Comparative Table: LLM–Agent Memory Frameworks

Framework Unified Memory Model Key Memory Operations
AgeMem (Yu et al., 5 Jan 2026) STM+LTM in agent state, tool API Add, Retrieve, Filter, Summarize
UMEM (Ye et al., 11 Feb 2026) Joint extraction+management Add, Update
MemEngine (Zhang et al., 4 May 2025) Slot abstraction, unified API Store, Recall, Manage

5. Unified Operation Languages and Formal Specifications

Text2Mem (Wang et al., 14 Sep 2025) advocates for a schema-driven, formally specified memory operation language. This framework defines a core set of expressive, mutually exclusive operations (encode, update, promote, demote, split, lock, expire, retrieve, summarize, etc.), each as a JSON schema instance with semantic invariants (e.g., locked items can’t be deleted, expire requires a TTL), parser-based NL→operation mapping, validators, adapters to standard memory backends (SQL prototypes, MemGPT, etc.), and a unified execution contract for result reporting. Such formalization enables cross-system safety, determinism, and portability, as well as throughput- and correctness-oriented benchmarking via Text2Mem Bench.

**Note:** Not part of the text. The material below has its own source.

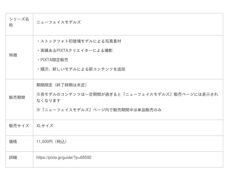 広告等の使用で他社との「モデル被り」を避けたいニーズに応え、使いやすいテーマの写真素材でありながら、初出しモデルであることや一定期間のみの販売である希少性をもって、従来のPIXTAの価格帯と一線を画し、単品価格11,000円(税込)で販売いたします。

6. Application Domains and Impact

Unified memory frameworks have demonstrable impact across several domains:

  • Deep learning scaling: Transparent tiered migration and unified address spaces allow large-model training beyond GPU DRAM, with >90% of ideal throughput and up to 1.75× speedup over contemporary schemes (Zhang et al., 2023).
  • High-performance computing and scientific applications: Automatic, transparent BLAS offloading drastically reduces code porting effort and amortizes data migration cost, yielding 1.9–3.0× speedup in quantum chemistry/physics codes (Li et al., 2024, Li, 2024).
  • LLM Agents: Unified agentic memory models allow RL-driven, end-to-end optimization yielding higher memory quality, improved reasoning accuracy, and reduced prompt context redundancy (Yu et al., 5 Jan 2026, Ye et al., 11 Feb 2026).
  • Multi-Robot Collaboration: RoboOS-NeXT (Tan et al., 30 Oct 2025) establishes a shared Spatio-Temporal-Embodiment Memory (STEM), enabling lifelong adaptivity, robust failure recovery, and scalable parallelism in multi-robot teams.
  • Dialog and Knowledge Memory: The unified framework for dialog memory (Hu et al., 3 Jan 2026) shows that key representation, maintenance, and retrieval policies—more than dependence on particular graph vs. flat memory architecture—dominate performance.

7. Limitations, Open Problems, and Future Directions

Unified memory frameworks, while addressing many scalability and usability barriers, face open challenges:

  • Policy generalization: Current predictive migration/classification models depend on patterns seen during profiling; dynamically emerging access signatures pose adaptation challenges (Long et al., 2022, Zhang et al., 2023).
  • Hardware–software co-design: Efficient silicon implementation of model-driven schedulers, as well as fine-grained page and buffer alignment, is still a moving target (Li, 2024).
  • Operational extensions: Richer memory operations (merging, snapshotting, structured summarization), learned or adaptive schemas, and cross-agent or multi-device coherency remain active areas (as in Text2Mem (Wang et al., 14 Sep 2025), RoboOS-NeXT (Tan et al., 30 Oct 2025)).
  • Compositionality and abstraction: Unifying across sequence, graph, and hierarchy at both system and model levels is under ongoing study, notably in LLM memory (Zhang et al., 4 May 2025), dialog frameworks (Hu et al., 3 Jan 2026), and world models (Dong et al., 9 Oct 2025).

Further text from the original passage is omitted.